Mystical forces were at work tonight. They’ve been at work for the last ten years. Biblical forces, such as those that began to give the Labour Party victory when they started to get rid of their chinwhiskers.

Alastair Darling and Peter Mandelson first took razor to throat and others followed. There were a few that held out: Charles Clarke, David Blunkett, Margaret Beckett… But there is a truth of political life that maintains that the clean shaven face is more electable than those with a beard or moustache. We now have equity in the shaving stakes. That’s why the sensible money is going on a hung parliament at the next election.

Tonight, my lucky bottle of rum ran out at half-time of the Barcelona Liverpool match. I didn’t panic. I knew my bet was safe. I knew that one team would win and I was certain it couldn’t be the home side. You see, there are rules of football like there are rules of life. It’s that same rule as runs in politics. Men who don’t shave stand less of a chance.

Barcelona arrived at the ground looking like a team of Mexican banditos heading for the border to rustle themselves some meat before a night with the tavern whores. I’ve never seen a squad of professional footballers look so unshaven. What is it about today’s players that make them avoid the razor?
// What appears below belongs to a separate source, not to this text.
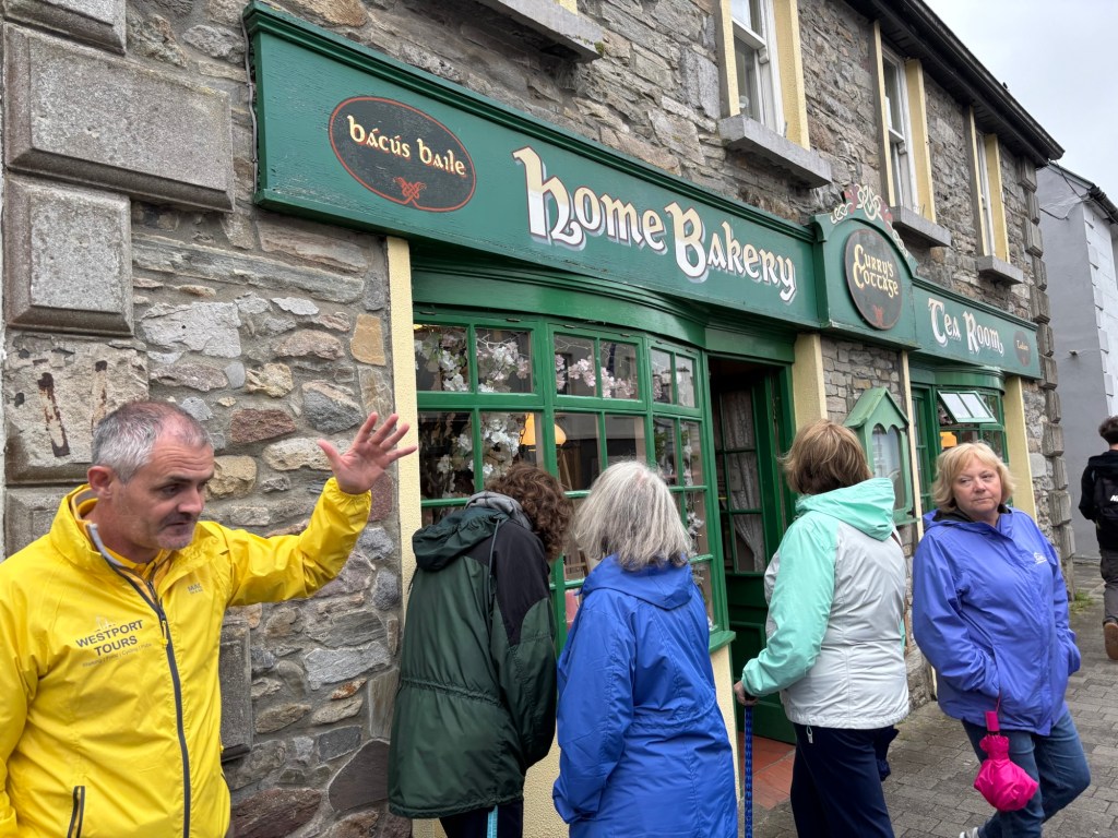 On a lighter note, our next experience was an award winning walking tour of Westport. It even stopped raining for our tour!! The Irish we have met throughout our journey are very proud of their history and their towns. Westport is an award winning “Tidy Town” (the cleanest town in Ireland due to a brigade of local volunteers).

I fancy it’s too much dogging and drinking tequila with IT girls but don’t you think it strange that footballers are always advertising shaving products that so few of them seem to know how to use them? Bobby Charlton never played a match unless he’d had a shave and the same was true for the great Stanley Matthews. I never saw a whisker on his chin.

Yet Barcelona seem to have taken their cue from coach Frank Rijkaard whose snake-tressed appearance makes him look like he’s fallen straight from the pages of Greek myth. And before you go saying anything about me, Forks may have a beard but it's well groomed. You could enter my chin into a dog show and it would come away with best of breed. That’s more than can be said about Deco’s chin.

Some of these footballers need less time with their WAGs and more time with some WAG – water and Gillette.